神様、お許し下さい。この子達を守るためなんです。一度だけ、暴力をお許し下さい。
「マリア姉ちゃんっ」
必死にしがみつこうとしてるのは、シズね。ほら、男の子なんだから、しっかりしなさい。
私は角材を手にとって、一度だけ振り向いた。暗がりの中に、3人の子供達がいる。皆、一様に麻色のローブを着ていた。服にかけるお金は、ほとんどないから。私とて同じ物のサイズ違いだ。

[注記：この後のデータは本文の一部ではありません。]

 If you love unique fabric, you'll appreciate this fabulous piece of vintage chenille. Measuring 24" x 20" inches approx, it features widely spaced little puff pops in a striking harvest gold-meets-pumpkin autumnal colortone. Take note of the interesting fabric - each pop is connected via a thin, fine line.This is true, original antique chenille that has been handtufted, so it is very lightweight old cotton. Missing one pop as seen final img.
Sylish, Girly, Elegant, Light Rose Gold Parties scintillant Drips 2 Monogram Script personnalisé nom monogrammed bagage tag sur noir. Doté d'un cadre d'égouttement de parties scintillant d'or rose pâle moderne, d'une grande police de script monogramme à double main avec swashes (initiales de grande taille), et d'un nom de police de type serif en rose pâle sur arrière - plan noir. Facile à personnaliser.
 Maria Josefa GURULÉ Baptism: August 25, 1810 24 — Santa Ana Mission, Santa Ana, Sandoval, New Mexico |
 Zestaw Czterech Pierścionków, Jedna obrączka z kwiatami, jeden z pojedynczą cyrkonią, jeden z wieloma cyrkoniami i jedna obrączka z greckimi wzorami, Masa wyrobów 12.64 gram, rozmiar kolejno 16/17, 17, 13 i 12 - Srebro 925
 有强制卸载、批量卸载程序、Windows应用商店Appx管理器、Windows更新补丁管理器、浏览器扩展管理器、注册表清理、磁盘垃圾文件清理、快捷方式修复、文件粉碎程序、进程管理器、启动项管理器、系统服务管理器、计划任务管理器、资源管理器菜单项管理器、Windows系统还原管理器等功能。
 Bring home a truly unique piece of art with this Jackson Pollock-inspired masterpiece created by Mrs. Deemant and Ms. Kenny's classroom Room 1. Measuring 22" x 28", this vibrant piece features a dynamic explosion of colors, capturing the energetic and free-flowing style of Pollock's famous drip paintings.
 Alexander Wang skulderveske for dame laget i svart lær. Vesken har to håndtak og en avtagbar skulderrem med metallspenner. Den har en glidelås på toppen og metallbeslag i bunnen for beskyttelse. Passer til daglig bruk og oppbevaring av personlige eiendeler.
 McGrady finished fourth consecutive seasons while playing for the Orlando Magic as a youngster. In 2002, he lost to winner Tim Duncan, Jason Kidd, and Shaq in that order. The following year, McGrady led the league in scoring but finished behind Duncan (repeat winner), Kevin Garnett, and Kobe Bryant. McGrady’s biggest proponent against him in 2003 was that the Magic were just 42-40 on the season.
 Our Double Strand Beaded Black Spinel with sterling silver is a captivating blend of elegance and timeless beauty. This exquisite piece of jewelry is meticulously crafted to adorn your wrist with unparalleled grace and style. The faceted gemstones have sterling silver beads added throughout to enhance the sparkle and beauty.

ミリー、私と同じ栗色の髪をした、かわいらしい女の子。この中では、一番小さい子。
シズ、この辺りでは珍しい、黒い髪。でも何故か眼は、片方青かった。
ほら、ミリーもシズも、泣かないのっ。・・・これからは、私抜きで生きていかなきゃいけないかも知れないんだから。
・・・ステラ、ちゃんと手入れすればきっと綺麗な長い金髪と、強い眼を持った子。
あなたが一番お姉さんだから、この子達をお願いね。きっとパスさんも面倒を見てくれると思うけど、あの人は、ほら、ちょっと、あれ、だし、ね?
ステラは、泣いていなかった。瞳に涙を溜めてはいたが、流しはしなかった。
そう、それでいいの。
いつの間にか、笑いは止まっていた。逆に今度は、静けさが不気味だった。
「ほら、行くわよ・・・」
ステラが、2人を立ち上がらせる。
そう、それでいいの・・・。
私は予想以上に重かった角材を片手に、礼拝堂への扉を押し開けた―――


・・・。
・・・・・・。
・・・・・・・・・トクン。
「ぉ・・・?」
気の、せいか?心音が、聞こえたのだが。
「おお、もう眼が覚めたのかい?一晩で起きるとは、大した男だな、君は」
心音の次に聞こえたのは、嬉しそうな男の声。年は・・・少なくとも俺よりは上だ。ただ、声を弾ませているために実年齢より若く聞こえているのだろう。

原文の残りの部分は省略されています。